Always admired the Linux command prompt (of course they are called shell). Regular expressions, pipelines, and a variety of magical commands can be combined to perform many complex tasks efficiently. Efficiency is really high. After the saliva of the N-year, I finally had the privilege of using Win7, and met the upgraded version of CMD: Windows PowerShell. From then on, the original Windows also have such a tool AH ~
Look at the following Windows script, less than 15 lines of valid code. Under Win7, just right-click the script file and select Run with PowerShell to automatically find the 10 processes that make up the most memory, and then draw the memory they occupy into a three-dimensional pie chart, as shown in.

Press CTRL + C to copy the code

Press CTRL + C to copy the code

(1. This script calls the COM library of Excel. 2. From the point of view of command coupling, of course, the output is more advantageous than the text format, but this example mainly wants to illustrate the power of PowerShell and the excellent reusability of Microsoft products. 3. To start PowerShell manually, you can type PowerShell return directly in the search box in the Start menu.
After simply appreciating the power of PowerShell, here are a few things to look at PowerShell's advantages over previous versions of the command prompt and even the Linux shell.
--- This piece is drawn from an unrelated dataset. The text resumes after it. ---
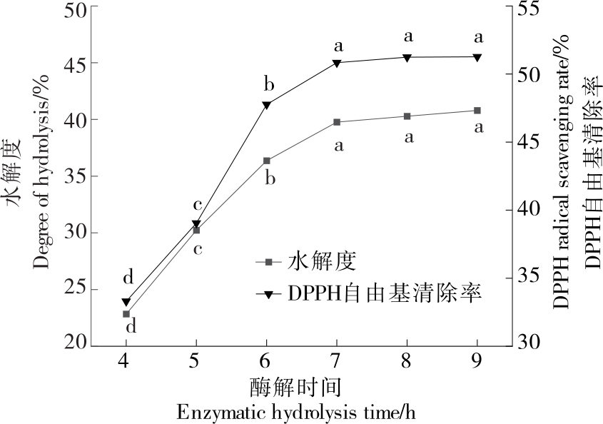 摘要:目的 以牡蛎为原料,采用复合蛋白酶(木瓜蛋白酶、碱性蛋白酶、氨基肽酶)水解制备具有抗氧化活性的牡蛎肽,并评价其抗运动疲劳活性。方法 以水解度和DPPH自由基清除率为考察指标,采用响应面试验优化牡蛎肽制备工艺,并探究牡蛎肽对运动小鼠的疲劳改善作用。结果 牡蛎肽最佳提取工艺为复合蛋白酶添加量4%,酶解pH 7.5,料液比1∶7.5 (g/mL),酶解温度57 ℃,酶解时间7 h,该工艺下牡蛎肽酶解水解度为48.3%,DPPH自由基清除率为60.42%;牡蛎肽中疏水性氨基酸含量为33.18 g/100 g,占氨基酸总量的48.28%,相对分子质量主要集中在5 000以下,低相对分子质量组分(<1 000)占比达71.45%,表明牡蛎肽主要为小分子肽并具有良好的抗氧化能力。小鼠抗运动疲劳试验证明,与空白对照组相比,给予牡蛎肽高剂量干预,小鼠转棒疲劳时间及负重游泳时间分别增加了10.93,13.34 min,运动能力得到显著性提高(P<0.05);同时,牡蛎肽可显著性降低运动后小鼠体内BLA和BUN含量(P<0.05),提高小鼠抗氧化水平,MDA和SOD水平均有显著性改善(P<0.05)。结论 试验制备的牡蛎肽具有较好的抗氧化活性,有助于增强小鼠运动耐力,缓解运动疲劳。

Cmdlet + Regex + Pipeline + ...

In the past, there are many shortcomings of CMD compared to shell, such as less command, partial command function, and no support for regular expression. But now PowerShell catches up a lot. 2.0 RTM version built-in support for 414 commands (the term called cmdlets), support for regular expressions , powerful pipeline applications (in fact, the pipeline itself is almost the same function as before, the key is to come up with a bunch of pipes can be used to command, such as more, sort, foreach, etc.), and the system is more closely related to the previous.
Give a few examples to illustrate:
dir registry::hkey_current_user can directly display the contents of the registry corresponding location, you can see the function of Dir improved a lot.
ps | sort ws-descending | Select-first can show the 10 most memory-intensive processes, and can see the flexible application of the pipeline.
dir-name |? {$_-match "(? <num>.). * (\k<num>) "} can display files with duplicate characters in the current directory. such as ABCDA.EFG, while ABCD.EFG is not displayed. You can see that PowerShell support for regular expressions is quite powerful. (to be exact, strict regular expressions are no longer able to achieve such an effect and require context-independent grammars to support it.) )
Previously in order to demonstrate the power of the Linux shell, Stephenjy sent a own, before meeting PowerShell feel good magic, fortunately now can be achieved. :-)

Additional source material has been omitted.